3.3 Demographic Analysis

Your Task: Analyze the demographic patterns in your selected areas.

# Find the tract with the highest percentage of Hispanic/Latino residents
# Hint: use arrange() and slice() to get the top tract

highest_latino <- selected_data %>%
  arrange(desc(percent_latino))
  
highest_latino <- highest_latino %>% slice(1)

# Calculate average demographics by county using group_by() and summarize()
# Show: number of tracts, average percentage for each racial/ethnic group

selected_data <- selected_data %>%
  mutate(
    pct_white_tract  = (whiteE / totalpopE) * 100,
    pct_black_tract  = (blackE / totalpopE) * 100,
    pct_latino_tract = (latinoE / totalpopE) * 100)
demographics_by_county <- selected_data %>%
  group_by(county) %>%
  summarize(
    number_tracts       = n(),
    avg_white_per_tract = mean(pct_white_tract, na.rm = TRUE),
    avg_black_per_tract = mean(pct_black_tract, na.rm = TRUE),
    avg_latino_per_tract= mean(pct_latino_tract, na.rm = TRUE)
  )
demographics_by_county <- demographics_by_county %>%
  mutate(Confidence = selected_counties$confidence)


# Create a nicely formatted table of your results using kable()
demographics_table <- demographics_by_county %>%
  kable(col.names = c("County", "# Tracts", "Average White Alone per Tract","Average Black/African-American per Tract","Average Latino/Hispanic per Tract","Confidence"),caption = "Average Demographics by Census Tract in Garfield, Jefferson, and Pierce Counties, Washington")

view(demographics_table)

Part 4: Comprehensive Data Quality Evaluation

4.1 MOE Analysis for Demographic Variables

Your Task: Examine margins of error for demographic variables to see if some communities have less reliable data.

Requirements: - Calculate MOE percentages for each demographic variable - Flag tracts where any demographic variable has MOE > 15% - Create summary statistics

# Calculate MOE percentages for white, Black, and Hispanic variables
# Hint: use the same formula as before (margin/estimate * 100)

selected_data <- selected_data %>%
  mutate(white_moe = (whiteM/whiteE) * 100,
         black_moe = (blackM/blackE) * 100,
         latino_moe = (latinoM/latinoE) * 100)

# Create a flag for tracts with high MOE on any demographic variable
# Use logical operators (| for OR) in an ifelse() statement

selected_data <- selected_data %>%
  mutate(high_error = case_when(white_moe > 15 |
                                  black_moe > 15 |
                                  latino_moe > 15 ~ "unreliable",
                                  TRUE ~ "reliable"))
selected_data <- selected_data %>% 
  mutate(totalpop_moe = (totalpopM/totalpopE) * 100)
selected_data <- selected_data %>%
  mutate(totalpop_reliability = case_when(totalpop_moe > 15 ~ "unreliable",
                                  TRUE ~ "reliable"))
selected_data <- selected_data %>%
  mutate(white_only_high_error = case_when(white_moe > 15 ~ "unreliable",
                                           TRUE ~ "reliable"))
  


####This returns all tracts flagged as unreliable.

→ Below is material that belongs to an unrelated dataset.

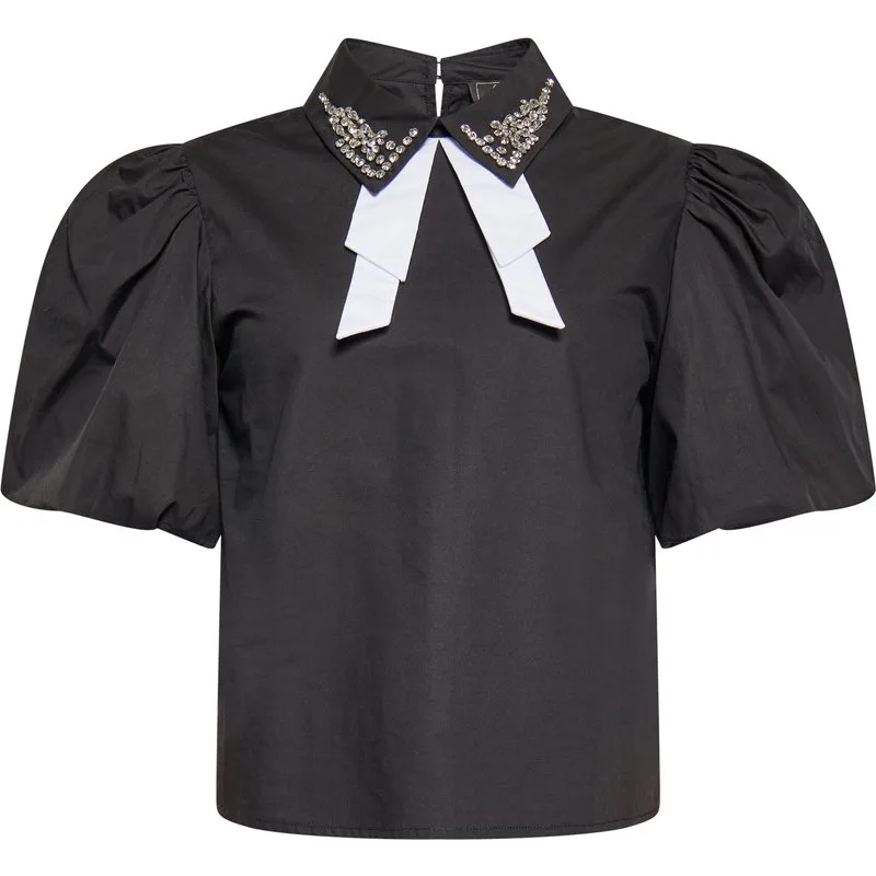 Deze elegante poplin blouse heeft een opvallende kraag met juwelen. Het contrasterende strikdetail loopt sierlijk van onder de kraag naar voren en voegt een vleugje verfijning toe. Met zijn korte pofmouwen combineert deze blouse naadloos formele en casual stijlen. De losse, vloeiende pasvorm creëert een chique en moeiteloze look die perfect is voor elke gelegenheid. Dit product maakt deel uit van de Elegant Shirt-collectie Blouse shirt

In looking at the data, many of the census tracts, particularly in Jefferson and Garfield Counties, the populations are very small, resulting in an inflated percentage margin of error. This is especially pronounced in the Hispanic/Latino and Black/African American county. A large proportion of Washington's population is white; therefore, I chose to isolate the white MOE to see if that yielded more diverse results. I also calculate the total tract margin of error to assess the aggregate.

selected_data %>% 
  count(white_only_high_error)

# A tibble: 2 × 2
  white_only_high_error     n
  <chr>                 <int>
1 reliable                 80
2 unreliable              125

selected_data %>% 
  count(totalpop_reliability)

# A tibble: 2 × 2
  totalpop_reliability     n
  <chr>                <int>
1 reliable               150
2 unreliable              55

####When isolated to only white populations, 80 tracts have reliable data, or ~39%. While this is still relatively few tracts with reliable data, it shows that data pertaining to white populations is significantly more reliable than for minority populations.
         


# Create a summary showing count of counties in each reliability category
# Hint: use count() and mutate() to add percentages



confidence_summary <- wa_data %>%
  count(confidence, sort = TRUE, name = "county_confidence")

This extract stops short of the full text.